# uk gas heater



## Tony R (Nov 7, 2010)

Hope someone can help here. We've just got a place in Catalonia and when we get round to moving out we want to take our uk portable gas heaters with us. We've been told the spanish gas bottles are different though and that the heater jets will need to be changed. Could anyone please clarify this? We'd hoped that a change of regulator would have done. Thanks, Tony


----------



## country boy (Mar 10, 2010)

I am assuming that you are talking about LPG heaters. In which case you will only need to buy a new regulator for each one when you get here. The bigger problem is getting your hands on the Gas bottles. In Spain you need a contract from the gas company to own a gas bottle (don't ask!). The easiest way to acquire some bottles without a contract is to buy them at a car boot sale, usual price €20 each. Once you have a bottle you simply take it to your local garage or Ferreteria (ironmongers) and change it for a full one. There is Butane or Propane available here, but the Propane is pretty useless in my opinion although about €1.50 a bottle cheaper. Some Ferreterias will sell you a complete new bottle if you tell them it is for an Estufa and you don't have a contract as you have no piped gas in the house.


----------



## Alcalaina (Aug 6, 2010)

Tony R said:


> Hope someone can help here. We've just got a place in Catalonia and when we get round to moving out we want to take our uk portable gas heaters with us. We've been told the spanish gas bottles are different though and that the heater jets will need to be changed. Could anyone please clarify this? We'd hoped that a change of regulator would have done. Thanks, Tony


If you do need to change the regulator, you can buy them here in ferreterias or DIY stores for about 20€.

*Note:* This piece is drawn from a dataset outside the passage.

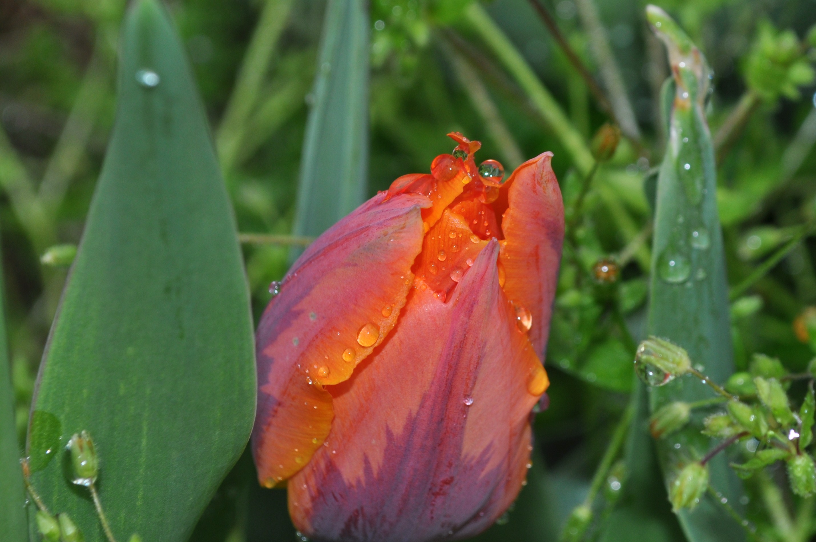 Today’s rain was welcome as it is nourishing my garlic, my herbs, my greens and these wild plants. Oh, and the tulips. I am lucky that the animals ignore them. I guess having a yard with clover, dandelions, chick weed and whatever else out there keeps them happy and away from my flowers. As I have said often, I am loving spring time.\

The advantage of having a contract with a supplier (Repsol or Cepsa) are that they will deliver refills to your house (though I guess this depends where you live). They are contractually obliged to do safety checks on regulators and hoses every five years.

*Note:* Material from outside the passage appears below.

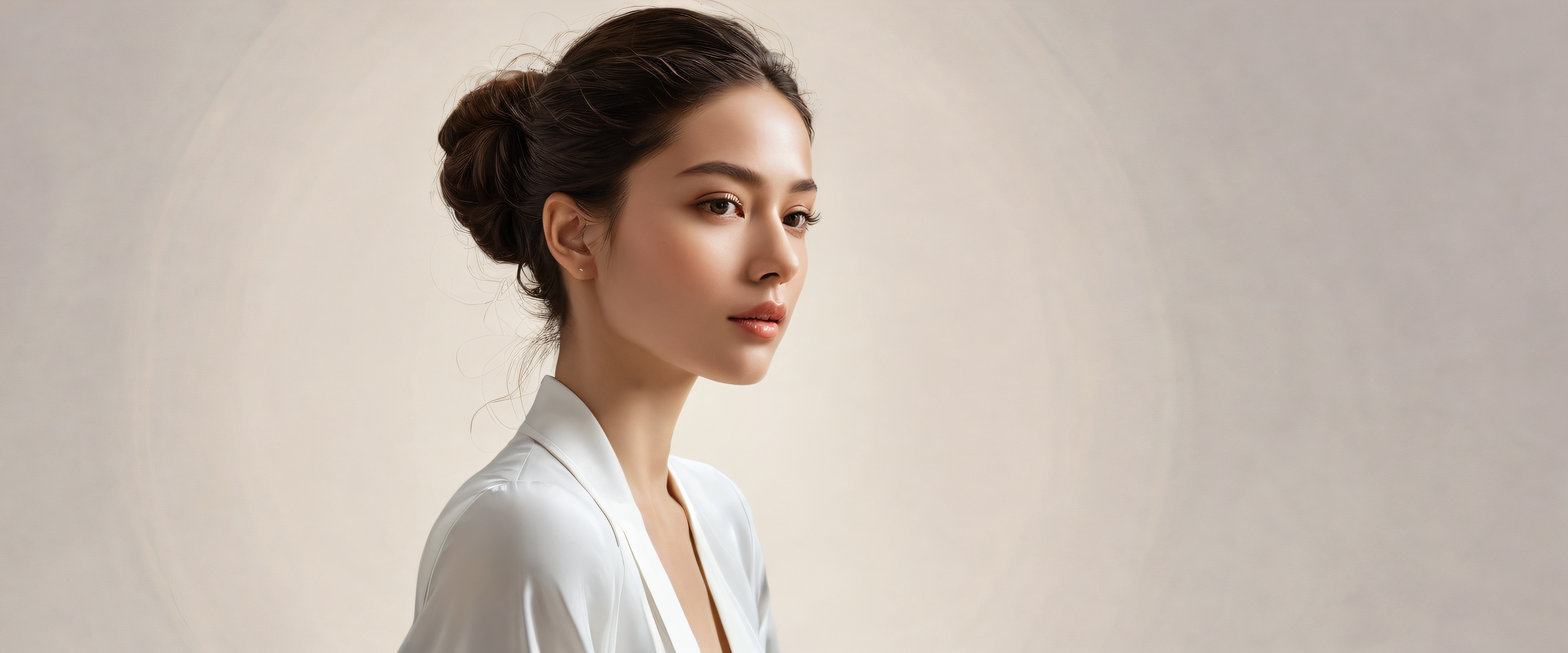 A breathtaking desktop wallpaper of Portait of a Woman, Perfectly clean vast pure void, extreme depth of field, with subtle hints of smokiness, Award-winning digital art, pristine clarity, hyper-realism with intricate details and textures, Ethereal lighting, radiant brilliant colors, ray-traced reflections, soft rim lighting with deep shadows, creating a sense of surreal elegance and cinematic framing, {‘dominant_palette’: [‘Deep Blacks’, ‘Golden Hues’, ‘Cool Whites’], ‘mood’: ‘Surreal Elegance’}, 21:9 ultrawide panoramic aspect ratio, epic wide shot, ethereal lighting, radiant, brilliant colors, ray traced reflections, pristine clarity, award-winning digital art, epic breathtaking scale, stunning visual impact, perfect composition, highly textured surfaces, intricate micro-details, physically based rendering, macOS wallpaper aesthetic, masterpiece, highest quality, highly detailed, 8k resolution.

The advantage of propane over butane is that it emits about 20% less condensation, although it doesn't give out quite as much heat. If your house is prone to damp and mould in winter however, this can be a significant factor.

The containers are called _bombonas_, FYI.


----------



## Tony R (Nov 7, 2010)

country boy said:


> I am assuming that you are talking about LPG heaters. In which case you will only need to buy a new regulator for each one when you get here. The bigger problem is getting your hands on the Gas bottles. In Spain you need a contract from the gas company to own a gas bottle (don't ask!). The easiest way to acquire some bottles without a contract is to buy them at a car boot sale, usual price €20 each. Once you have a bottle you simply take it to your local garage or Ferreteria (ironmongers) and change it for a full one. There is Butane or Propane available here, but the Propane is pretty useless in my opinion although about €1.50 a bottle cheaper. Some Ferreterias will sell you a complete new bottle if you tell them it is for an Estufa and you don't have a contract as you have no piped gas in the house.


Ah- great! That sounds good to me. I actually got 4 gas bottles included with the house. One of the heaters takes the smaller 7kg bottle though- I assume they do similar weights out there? Many thanks, Tony


----------



## gus-lopez (Jan 4, 2010)

Alcalaina said:


> If you do need to change the regulator, you can buy them here in ferreterias or DIY stores for about 20€.
> 
> The advantage of having a contract with a supplier (Repsol or Cepsa) are that they will deliver refills to your house (though I guess this depends where you live). They are contractually obliged to do safety checks on regulators and hoses every five years.
> 
> ...


20 €'s!!! I hope not, they're 7€'s here & only 9€'s for adjustable ones I use for burning equipment.


----------



## Alcalaina (Aug 6, 2010)

gus-lopez said:


> 20 €'s!!! I hope not, they're 7€'s here & only 9€'s for adjustable ones I use for burning equipment.


Oooh, we wuz robbed!! (Leroy Merlin prices!)


----------



## Tony R (Nov 7, 2010)

Alcalaina said:


> Oooh, we wuz robbed!! (Leroy Merlin prices!)


Ebay spain has loads really cheap, for anyone's interest.


----------



## xicoalc (Apr 20, 2010)

Everyone talks about contracts and expenses / complexities of aquiring bottles - I use the local Zarcar garage, I had to sign a contract for each bottle (we usually keep 2 so we have 2 contracts) but they didn't charge us a deposit or anything, just the fee of about 10 euros for the gas. Each time they run out we take it back, pay another tenner and get a new bottle! Simples!


----------



## casa99 (Oct 19, 2010)

steve_in_spain said:


> Everyone talks about contracts and expenses / complexities of aquiring bottles - I use the local Zarcar garage, I had to sign a contract for each bottle (we usually keep 2 so we have 2 contracts) but they didn't charge us a deposit or anything, just the fee of about 10 euros for the gas. Each time they run out we take it back, pay another tenner and get a new bottle! Simples!


When I am in spain I use the local garage at the top of the lane, when I originaly asked if I needed a contract he said no mind you that was 6 years ago so things may have changed since then.
Bye the way we brought over two english gas fires and we only had to get new regulators for them , good luck in your new adventure


----------



## Tony R (Nov 7, 2010)

Many thanks to everyone for all the useful info. That's one less thing to worry about. Regards, Tony


----------